_TASK DETAILS_
The result should be the listing below, restated exactly, with its pictures left out.

Start of GIVEN INFORMATION

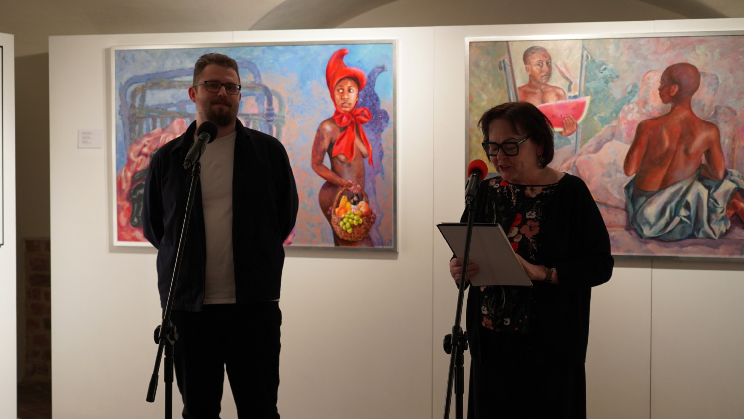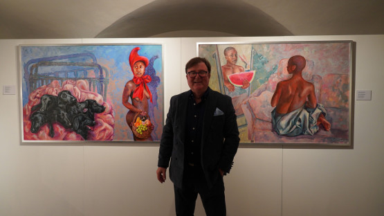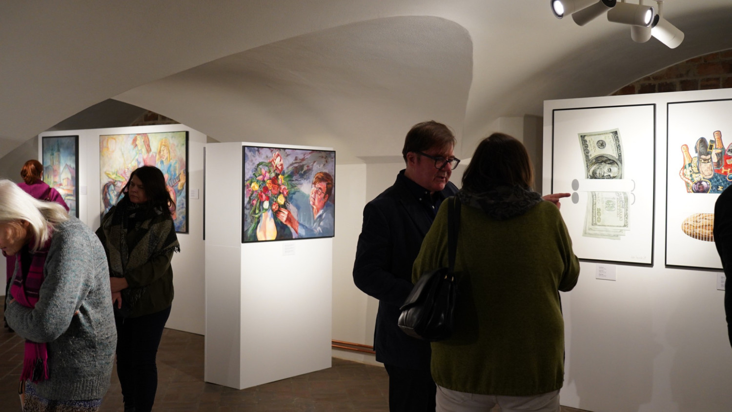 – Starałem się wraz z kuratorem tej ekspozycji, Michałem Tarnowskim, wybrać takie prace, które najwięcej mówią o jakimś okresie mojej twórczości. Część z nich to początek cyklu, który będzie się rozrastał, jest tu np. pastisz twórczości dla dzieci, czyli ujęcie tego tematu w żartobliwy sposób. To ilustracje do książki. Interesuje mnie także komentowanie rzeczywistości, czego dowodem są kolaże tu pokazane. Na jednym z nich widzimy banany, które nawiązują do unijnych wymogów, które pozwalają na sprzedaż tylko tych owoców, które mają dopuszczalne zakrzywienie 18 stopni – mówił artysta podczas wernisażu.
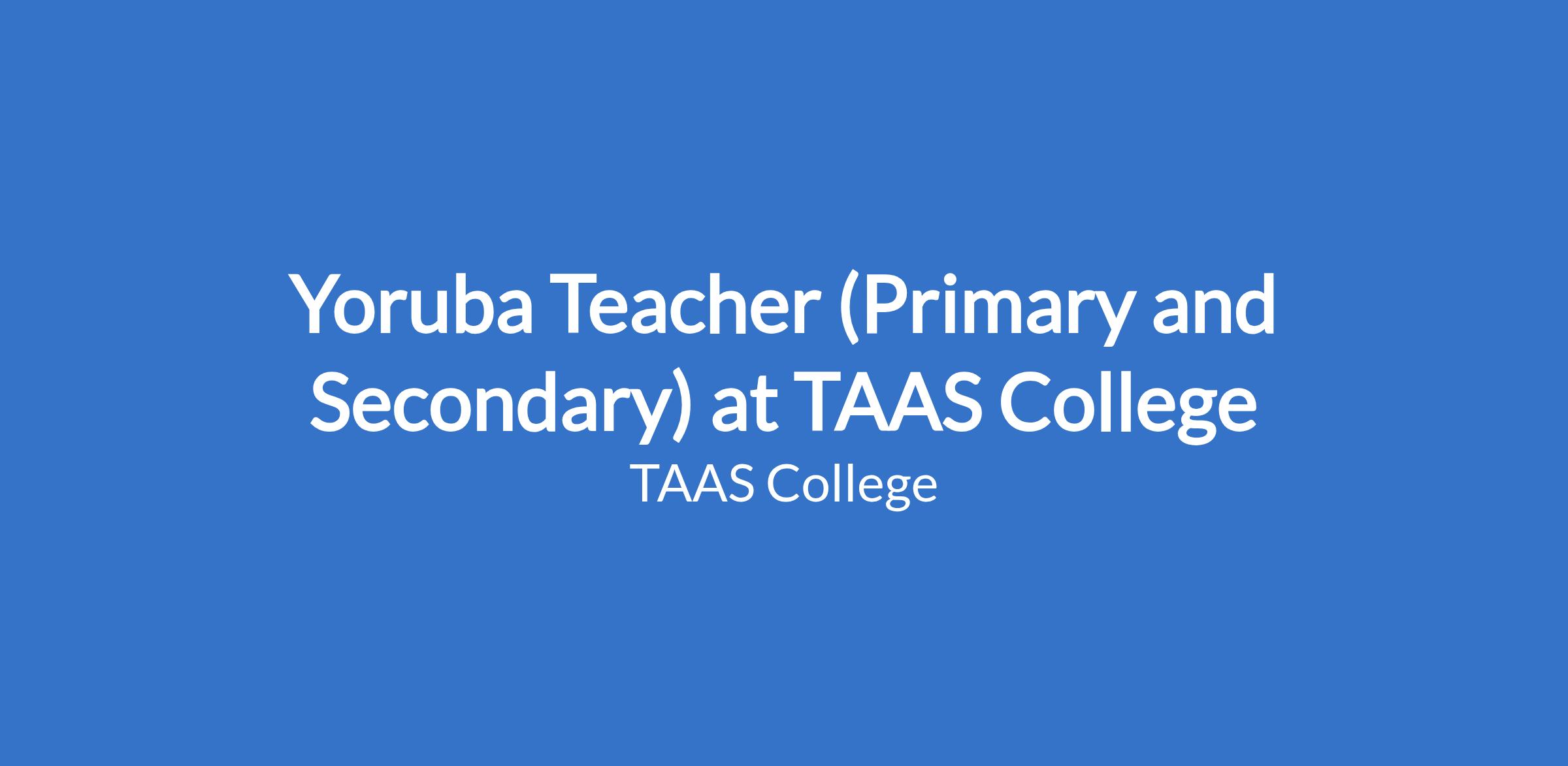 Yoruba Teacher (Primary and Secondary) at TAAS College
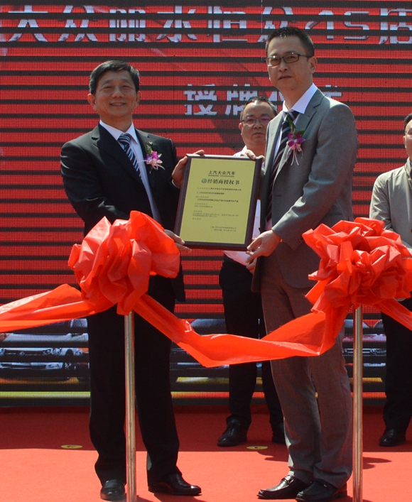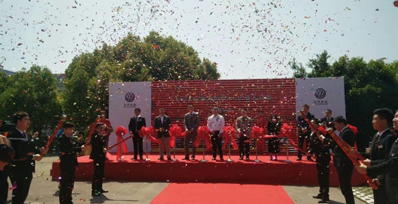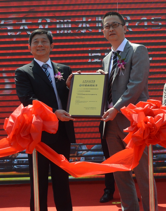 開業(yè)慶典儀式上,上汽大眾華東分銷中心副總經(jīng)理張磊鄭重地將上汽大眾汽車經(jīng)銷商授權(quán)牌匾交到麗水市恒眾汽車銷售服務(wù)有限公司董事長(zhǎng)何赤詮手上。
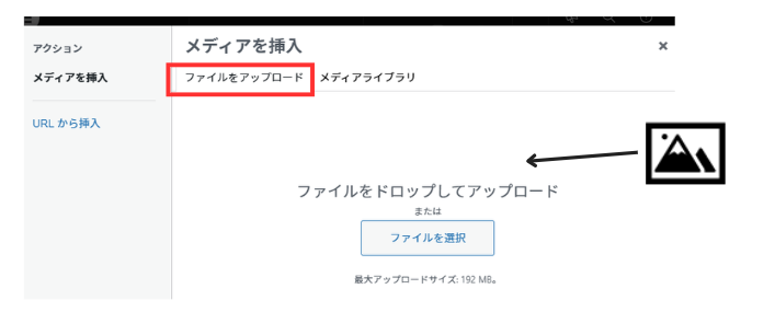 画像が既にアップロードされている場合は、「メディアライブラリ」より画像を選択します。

End of GIVEN INFORMATION

_REPLY_
 – Starałem się wraz z kuratorem tej ekspozycji, Michałem Tarnowskim, wybrać takie prace, które najwięcej mówią o jakimś okresie mojej twórczości. Część z nich to początek cyklu, który będzie się rozrastał, jest tu np. pastisz twórczości dla dzieci, czyli ujęcie tego tematu w żartobliwy sposób. To ilustracje do książki. Interesuje mnie także komentowanie rzeczywistości, czego dowodem są kolaże tu pokazane. Na jednym z nich widzimy banany, które nawiązują do unijnych wymogów, które pozwalają na sprzedaż tylko tych owoców, które mają dopuszczalne zakrzywienie 18 stopni – mówił artysta podczas wernisażu.
 Yoruba Teacher (Primary and Secondary) at TAAS College
 開業(yè)慶典儀式上,上汽大眾華東分銷中心副總經(jīng)理張磊鄭重地將上汽大眾汽車經(jīng)銷商授權(quán)牌匾交到麗水市恒眾汽車銷售服務(wù)有限公司董事長(zhǎng)何赤詮手上。
 画像が既にアップロードされている場合は、「メディアライブラリ」より画像を選択します。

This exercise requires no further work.